*EXERCISE*.
Starting at the first line of the entries below, restate each line exactly until you reach the line with "Circa 2000 purple, blue, pink", and print that one too. Leave the pictures out and stop there.

*INFORMATION*.
/---

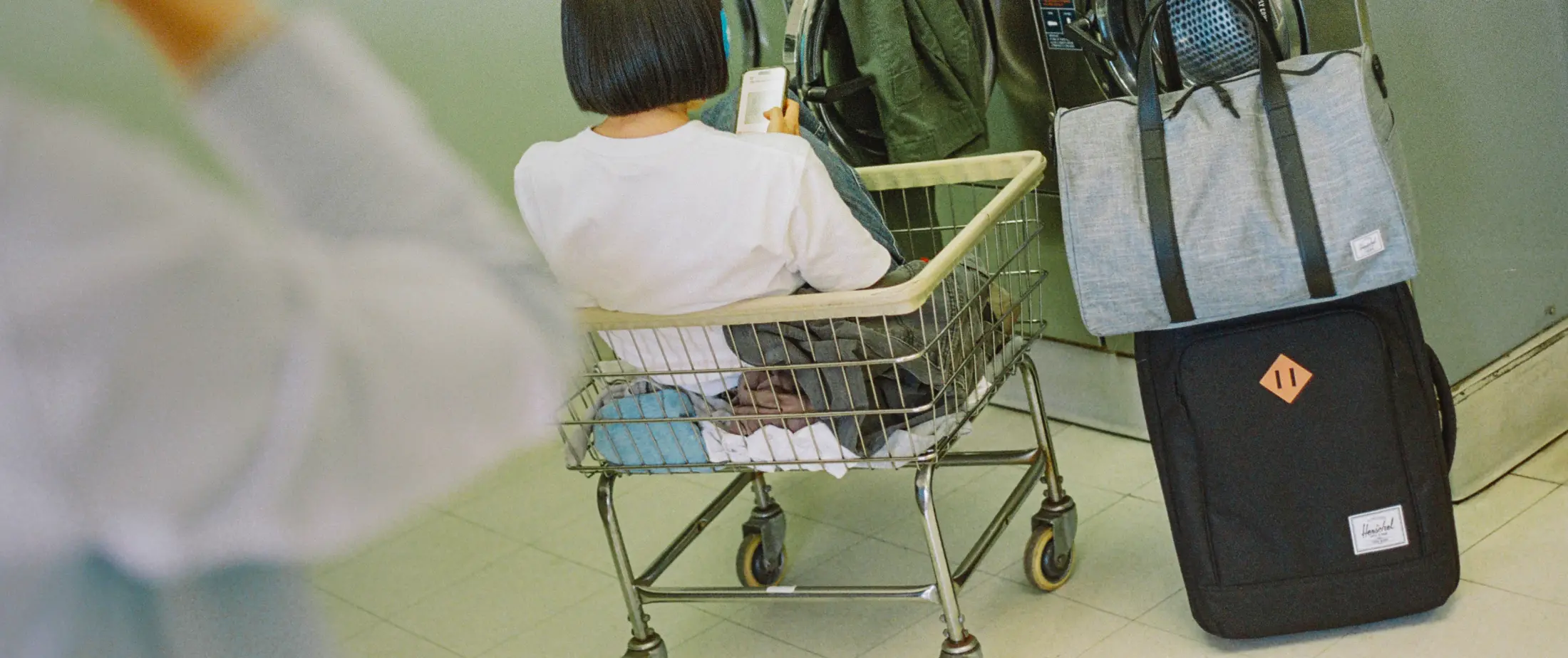 A Herschel Heritage® Softshell Large Carry-On Luggage in black being pushed in an airport luggage cart.
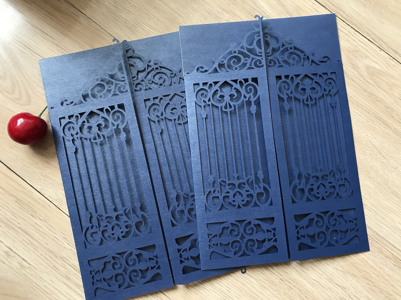 50pcs Gate Navy Blue laser cut invitations cards,laser cut wedding invite cards
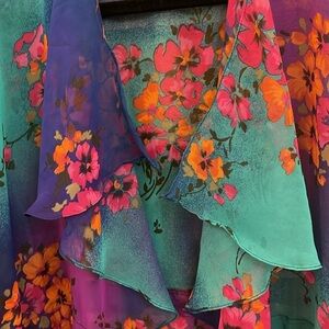 Circa 2000 purple, blue, pink and orange swimait coverup with ruffles. Large
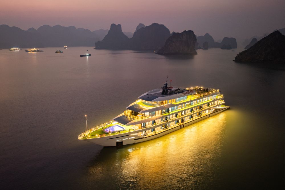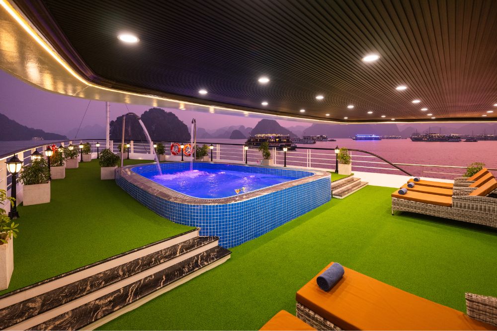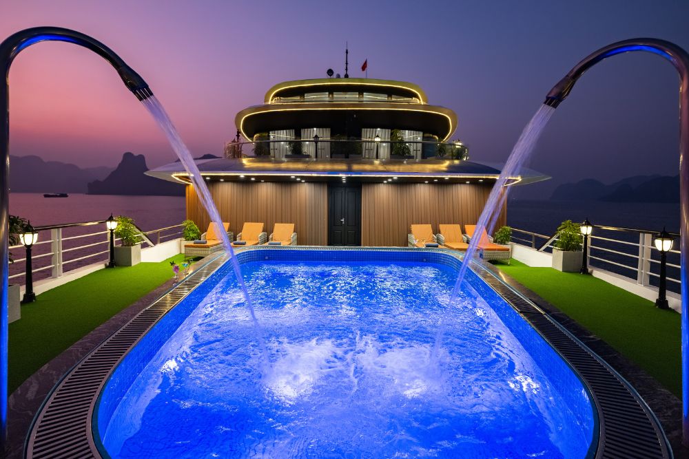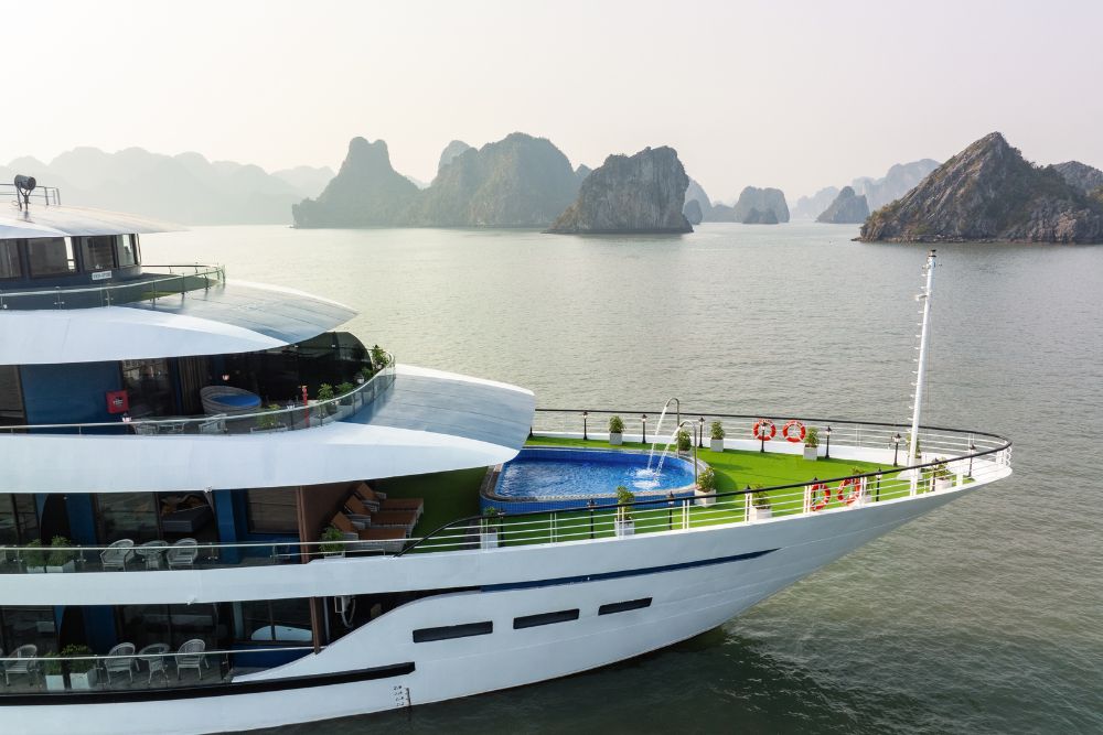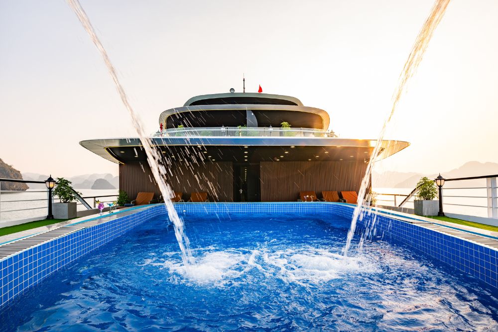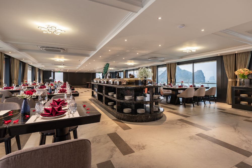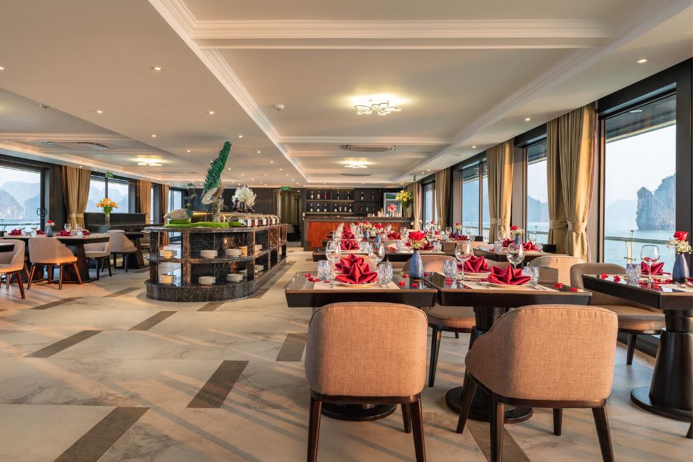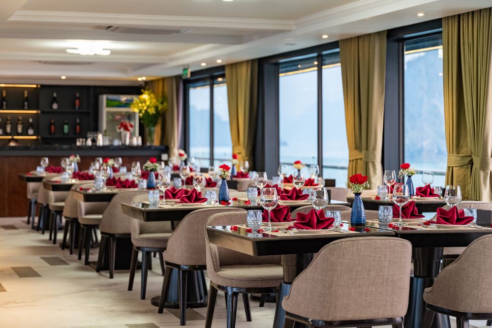 The cruise features 25 balcony cabins, all equipped with modern amenities and panoramic views of Lan Ha Bay, day and night. Guests can enjoy premium onboard facilities such as a four-season swimming pool, sky bar, and luxury spa, ensuring a relaxing stay throughout the journey. The onboard restaurant serves a variety of Vietnamese and international cuisine, with flexible options for vegetarian, vegan, gluten-free, and non-seafood diets upon request.
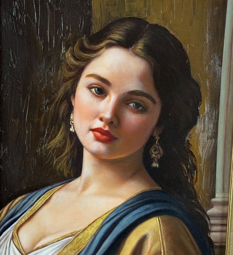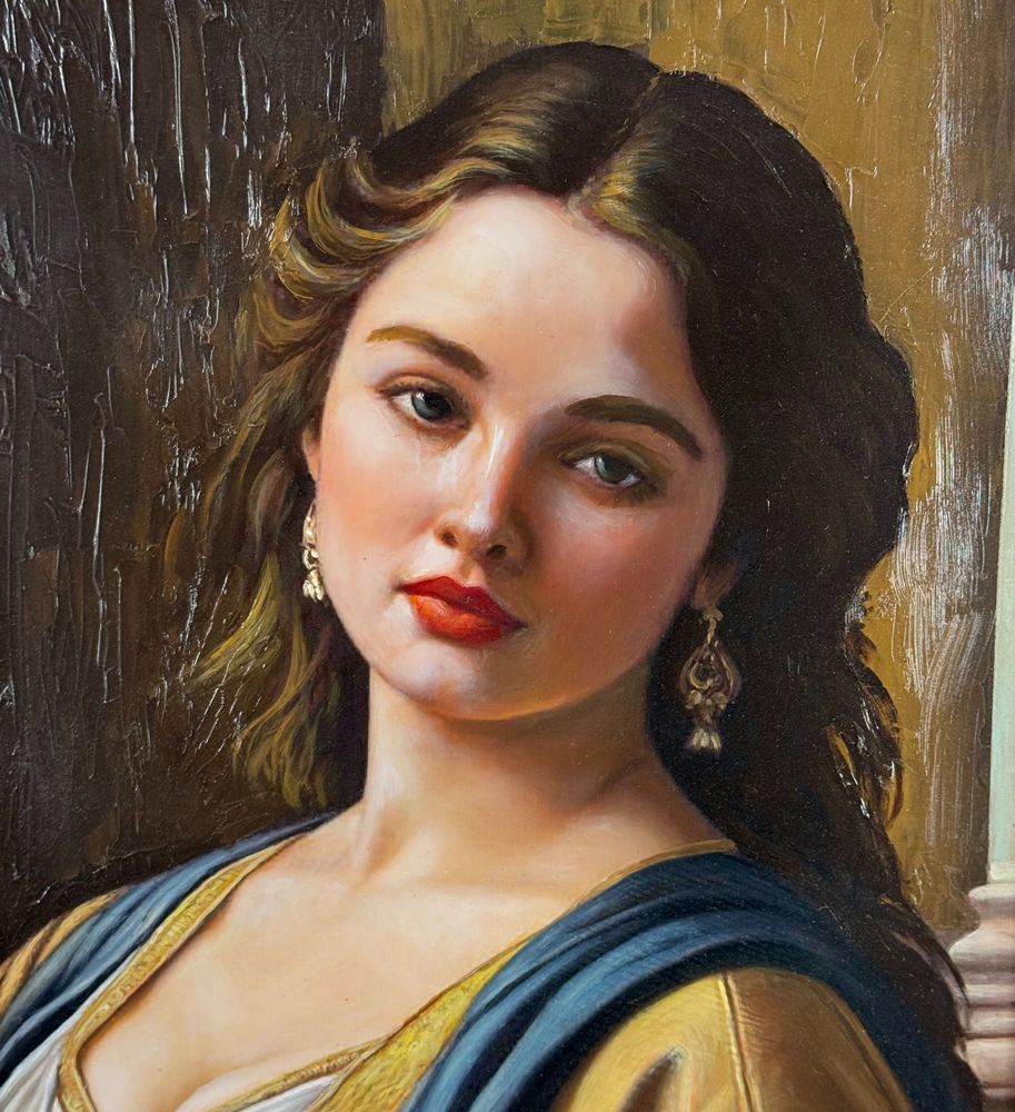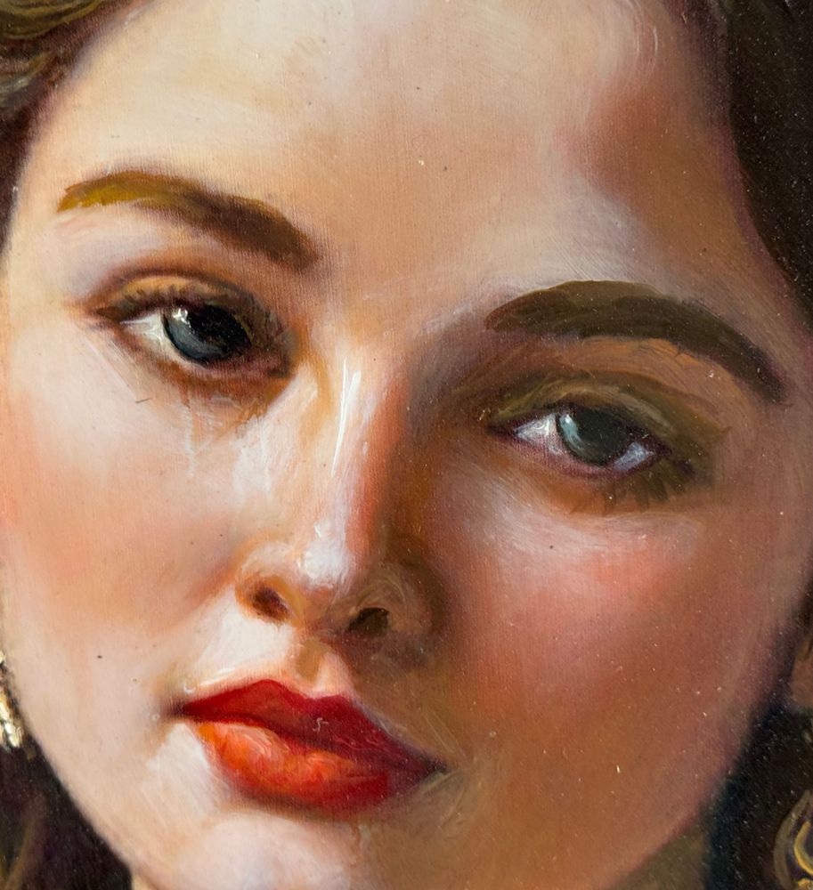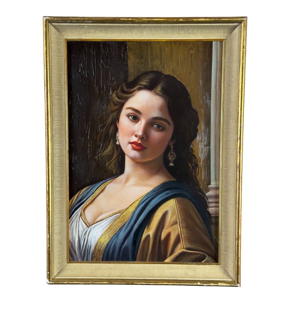 Dipinto olio su cartoncino, periodo XX secolo, scuola Italiana, raffigurante Ritratto di donna. Dimensioni compreso cornice: 43x58 cm. Dimensioni interno cornice: 35x50 cm. Artista anonimo. Opera in buone condizioni.

\---

*RESPONSE*.
 A Herschel Heritage® Softshell Large Carry-On Luggage in black being pushed in an airport luggage cart.
 50pcs Gate Navy Blue laser cut invitations cards,laser cut wedding invite cards
 Circa 2000 purple, blue, pink and orange swimait coverup with ruffles. Large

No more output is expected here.